Exercise brief =
Transcribe all of the data verbatim, please, and leave out its pictures.

----- Given data -----

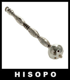 | Hisopo: Utensilio con que se esparce el agua bendita, consistente en un mango que lleva en su extremo un manojo de cerdas o una bola metálica hueca y agujereada para sostener el agua. | |
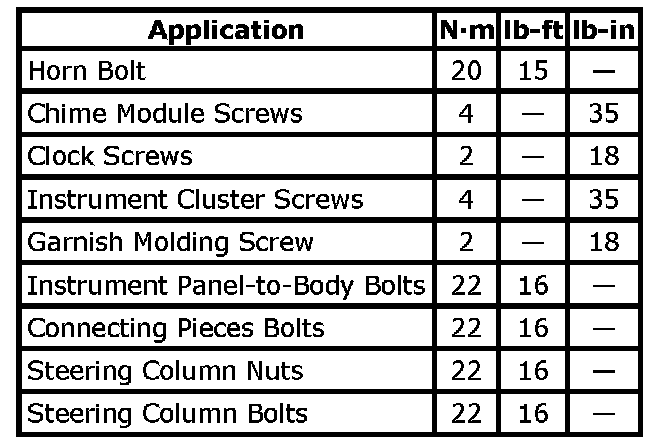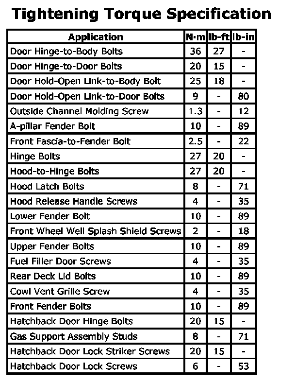 Tightening Torque Specification:
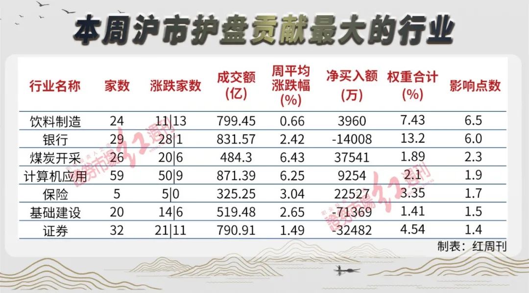 本周沪指弱势之下未创新低,全是仰仗下面几个行业的功劳。
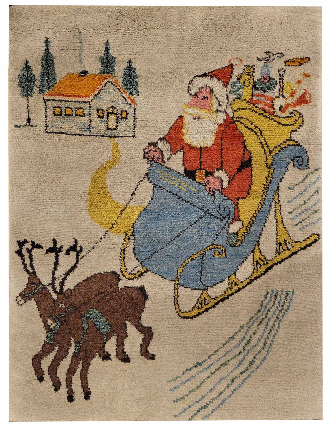 Handknotted Pictorial Santa Rug made in Turkey 2'5" x 3'3" #26715
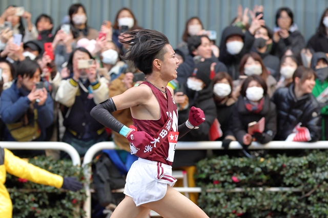 今回で3回連続の10区となる菅野君さんは、積極的で最後まで諦めない粘り強い走りで早稲田大学総合4位という成績に貢献。一歩も引かず、攻め続けた走りは20年振りに早稲田大学の10区区間記録を更新することとなりました。一般受験を経て早稲田大学教育学部に入学、4年間苦労をしながら勉強と競技を両立した菅野さんの圧巻の走りでした!
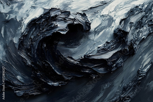 texture, art, abstract, wave, ocean, movement, black, grey, white, paint, brushstroke, surface, energy, flow, dynamic, fluid, coarse, rough, dark, light, contrast, swirling, dramatic, expressive, thick, layered, opaque, monochrome, shadow, highlight, brush, vibrant, visual, depth, formation, pattern, composition, detail, artistic, modern, element, shape, structure, form, material, creative, design, style
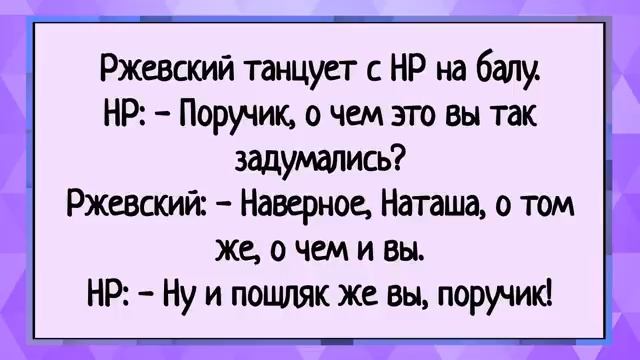 Как тёща и зять в дурака на желания играли! Сборник свежих анекдотов! Юмор! 00:05 Удаление зуба во время беременности • Блондинка на восьмом месяце беременности беспокоится об удалении зуба. • Другая блондинка рассказывает, что у её знакомой ребёнок родился без зубов после удаления зуба во время беременности. 00:32 Парашют и сержант • Сержант обещает заменить парашют, если он не раскроется. 00:42 Предложение руки и сердца • Мужчина заявляет о своей любви к дочери и предлагает жениться на любой из трёх. 00:56 Суд и профессия • Судья спрашивает подсудимого о его профессии, на что тот отвечает: «Окробот». 01:08 Разговор о знакомстве • Ржевский объясняет, что кровать не повод для знакомства. 01:19 Артиллерийский вопрос • Сержант спрашивает молодого артиллериста, что делать при перелёте снаряда. 01:33 Встреча с богатым • Девушка уходит с богатым парнем, объясняя это тем, что он её личный водитель. 02:05 Разговор гусаров об искусстве • Гусары обсуждают витражи и венецианское стекло, Ржевский шутит о трёхлитровой банке. 02:39 Тонущий корабль • Англичанин спрашивает о шлюпке для курящих, капитан отвечает, что пробоина ниже ватерлинии. 03:03 Отсутствие детей • Наташа жалуется на отсутствие детей, несмотря на брак с Пьером. 03:16 Обучение метанию гранаты • Солдат рассказывает, что сержант недолюбливает его из-за способа обучения метанию гранаты. 03:36 Футбольный матч • Капитан слонов извиняется за грубость во время матча, капитан муравьёв отвечает, что они тоже играли грубо. 03:56 Танец на балу • Ржевский танцует с Наташей Ростовой, поручик шутит о её мыслях. 04:10 Тонущий корабль и направление • Капитан спрашивает о направлении к ближайшей шлюпке, получает ответ «в вертикальном». 04:22 Концерт в Магнитогорске • Олег Митяев рассказывает о своём выступлении в техникуме, где студенты узнали его как Рэмбо.
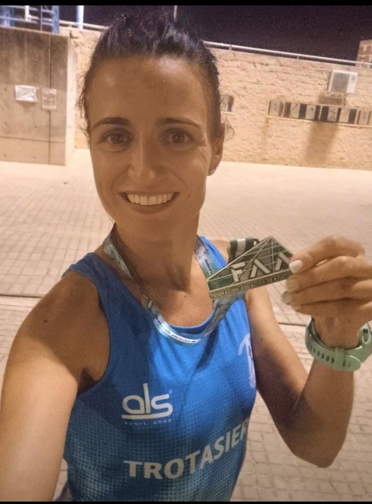 Pero lo más notable es que la atleta colona venía de subirse el día anterior en lo más alto del podio en su categoría de máster 40 en el Campeonato de Andalucía de 5.000 metros con una marca de 19’38». Corrió bajo las siglas del Trotasierra al ser una competición federada.
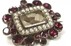 The symbol of eyes had a powerful significance in mourning jewellery.[3] A single eye was often included in jewellery such as brooches.[3] An eye signified a spiritual presence of the departed with the person who wore the jewellery, in this way the departed could watch over the person who was wearing the jewellery. Another element often incorporated into jewellery were pearls which represented tear drops.[3] The fashion of mourning jewellery gradually declined in 1901 following the death of Queen Victoria.[9]
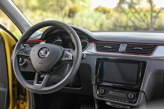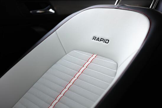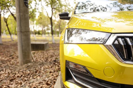 在车身侧面,一条贯穿式腰线从车头直达车尾,一气呵成,这种造型很容易烘托出硬朗的车身和运动的线条。五辐式双色拼接轮毂非常漂亮,中间的斯柯达车标也采用相同的色彩搭配,原厂轮毂如此漂亮,这一点确实值得点赞。
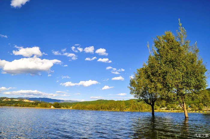 霎时间,天空颜色变色更蓝。湛蓝的天空的反射下湖水也变蓝了!
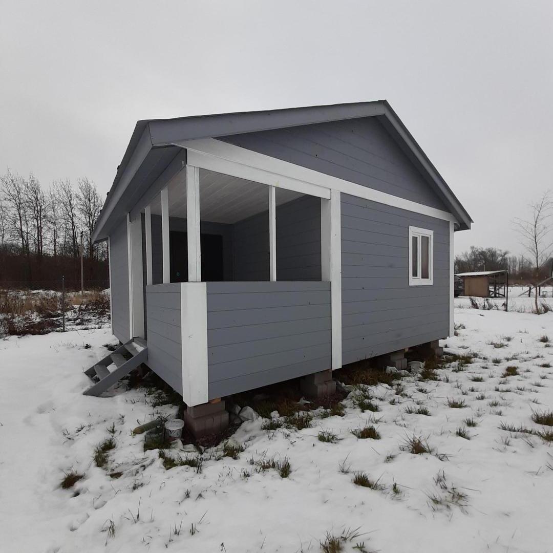 Продам новый каркасно-щитовой дом 6х6 на участке 5 соток в КП Иннолово. Дом обшит блокхаусом и покрашен фасадной финской краской. Крыша металлическая, кровельная краска. Надежная входная дверь. Внутри одна комната-спальня обшита вагонкой(2 стенки и потолок) и гипроком. Утепление 100 мм.Н потолка=2.4. Разведена электропроводка. Получилось очень красиво!! участок правильной прямоугольной формы 30 х 17 метров, сухой и ровный, на возвышенности. Участок в собственности.
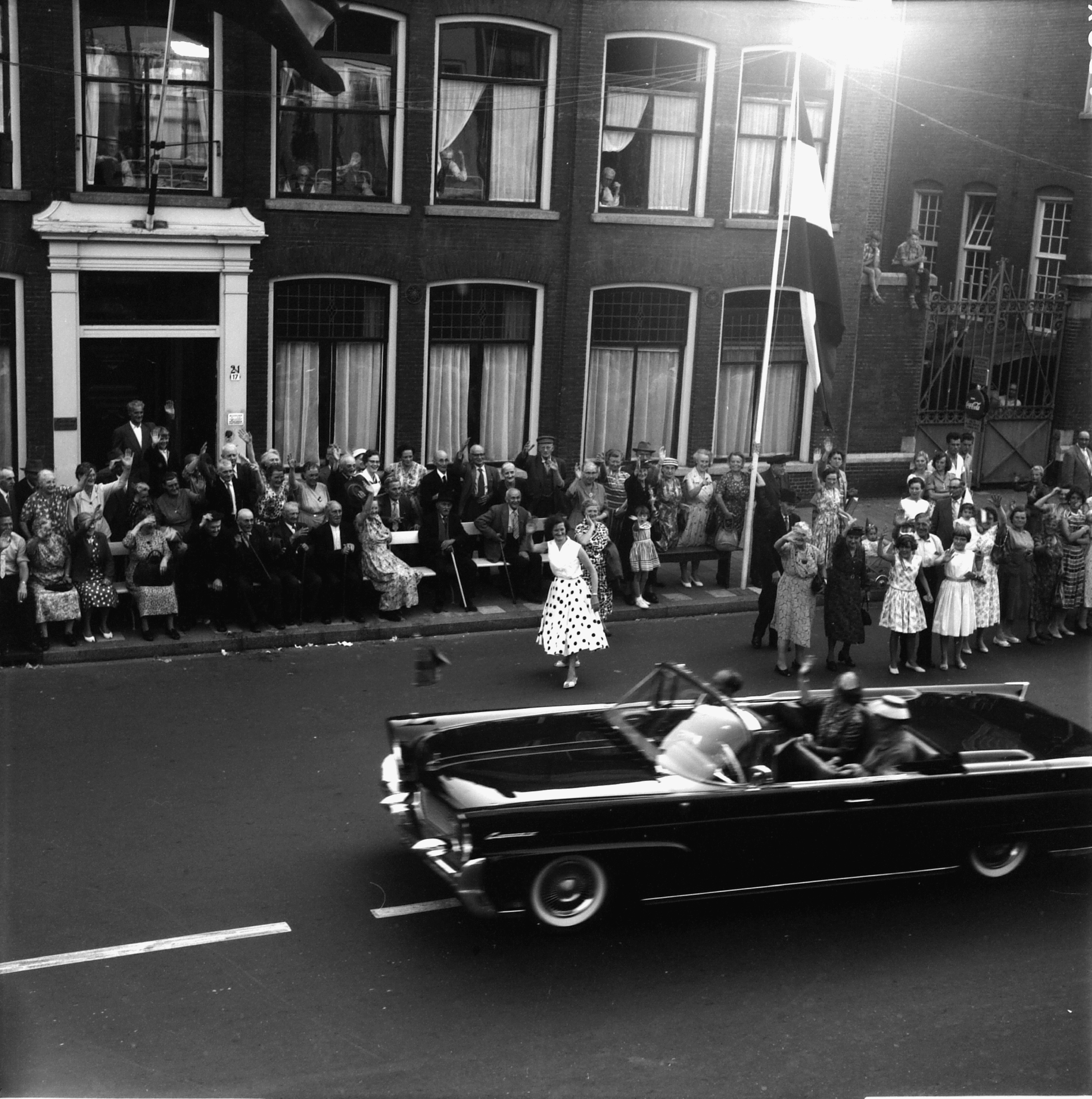 Bagijnhof. In de auto Koningin Juliana en Burgemeester van der Dussen. De toeschouwers …

-----

Written answer =
 | Hisopo: Utensilio con que se esparce el agua bendita, consistente en un mango que lleva en su extremo un manojo de cerdas o una bola metálica hueca y agujereada para sostener el agua. | |
 Tightening Torque Specification:
 本周沪指弱势之下未创新低,全是仰仗下面几个行业的功劳。
 Handknotted Pictorial Santa Rug made in Turkey 2'5" x 3'3" #26715
 今回で3回連続の10区となる菅野君さんは、積極的で最後まで諦めない粘り強い走りで早稲田大学総合4位という成績に貢献。一歩も引かず、攻め続けた走りは20年振りに早稲田大学の10区区間記録を更新することとなりました。一般受験を経て早稲田大学教育学部に入学、4年間苦労をしながら勉強と競技を両立した菅野さんの圧巻の走りでした!
 texture, art, abstract, wave, ocean, movement, black, grey, white, paint, brushstroke, surface, energy, flow, dynamic, fluid, coarse, rough, dark, light, contrast, swirling, dramatic, expressive, thick, layered, opaque, monochrome, shadow, highlight, brush, vibrant, visual, depth, formation, pattern, composition, detail, artistic, modern, element, shape, structure, form, material, creative, design, style
 Как тёща и зять в дурака на желания играли! Сборник свежих анекдотов! Юмор! 00:05 Удаление зуба во время беременности • Блондинка на восьмом месяце беременности беспокоится об удалении зуба. • Другая блондинка рассказывает, что у её знакомой ребёнок родился без зубов после удаления зуба во время беременности. 00:32 Парашют и сержант • Сержант обещает заменить парашют, если он не раскроется. 00:42 Предложение руки и сердца • Мужчина заявляет о своей любви к дочери и предлагает жениться на любой из трёх. 00:56 Суд и профессия • Судья спрашивает подсудимого о его профессии, на что тот отвечает: «Окробот». 01:08 Разговор о знакомстве • Ржевский объясняет, что кровать не повод для знакомства. 01:19 Артиллерийский вопрос • Сержант спрашивает молодого артиллериста, что делать при перелёте снаряда. 01:33 Встреча с богатым • Девушка уходит с богатым парнем, объясняя это тем, что он её личный водитель. 02:05 Разговор гусаров об искусстве • Гусары обсуждают витражи и венецианское стекло, Ржевский шутит о трёхлитровой банке. 02:39 Тонущий корабль • Англичанин спрашивает о шлюпке для курящих, капитан отвечает, что пробоина ниже ватерлинии. 03:03 Отсутствие детей • Наташа жалуется на отсутствие детей, несмотря на брак с Пьером. 03:16 Обучение метанию гранаты • Солдат рассказывает, что сержант недолюбливает его из-за способа обучения метанию гранаты. 03:36 Футбольный матч • Капитан слонов извиняется за грубость во время матча, капитан муравьёв отвечает, что они тоже играли грубо. 03:56 Танец на балу • Ржевский танцует с Наташей Ростовой, поручик шутит о её мыслях. 04:10 Тонущий корабль и направление • Капитан спрашивает о направлении к ближайшей шлюпке, получает ответ «в вертикальном». 04:22 Концерт в Магнитогорске • Олег Митяев рассказывает о своём выступлении в техникуме, где студенты узнали его как Рэмбо.
 Pero lo más notable es que la atleta colona venía de subirse el día anterior en lo más alto del podio en su categoría de máster 40 en el Campeonato de Andalucía de 5.000 metros con una marca de 19’38». Corrió bajo las siglas del Trotasierra al ser una competición federada.
 The symbol of eyes had a powerful significance in mourning jewellery.[3] A single eye was often included in jewellery such as brooches.[3] An eye signified a spiritual presence of the departed with the person who wore the jewellery, in this way the departed could watch over the person who was wearing the jewellery. Another element often incorporated into jewellery were pearls which represented tear drops.[3] The fashion of mourning jewellery gradually declined in 1901 following the death of Queen Victoria.[9]
 在车身侧面,一条贯穿式腰线从车头直达车尾,一气呵成,这种造型很容易烘托出硬朗的车身和运动的线条。五辐式双色拼接轮毂非常漂亮,中间的斯柯达车标也采用相同的色彩搭配,原厂轮毂如此漂亮,这一点确实值得点赞。
 霎时间,天空颜色变色更蓝。湛蓝的天空的反射下湖水也变蓝了!
 Продам новый каркасно-щитовой дом 6х6 на участке 5 соток в КП Иннолово. Дом обшит блокхаусом и покрашен фасадной финской краской. Крыша металлическая, кровельная краска. Надежная входная дверь. Внутри одна комната-спальня обшита вагонкой(2 стенки и потолок) и гипроком. Утепление 100 мм.Н потолка=2.4. Разведена электропроводка. Получилось очень красиво!! участок правильной прямоугольной формы 30 х 17 метров, сухой и ровный, на возвышенности. Участок в собственности.
 Bagijnhof. In de auto Koningin Juliana en Burgemeester van der Dussen. De toeschouwers …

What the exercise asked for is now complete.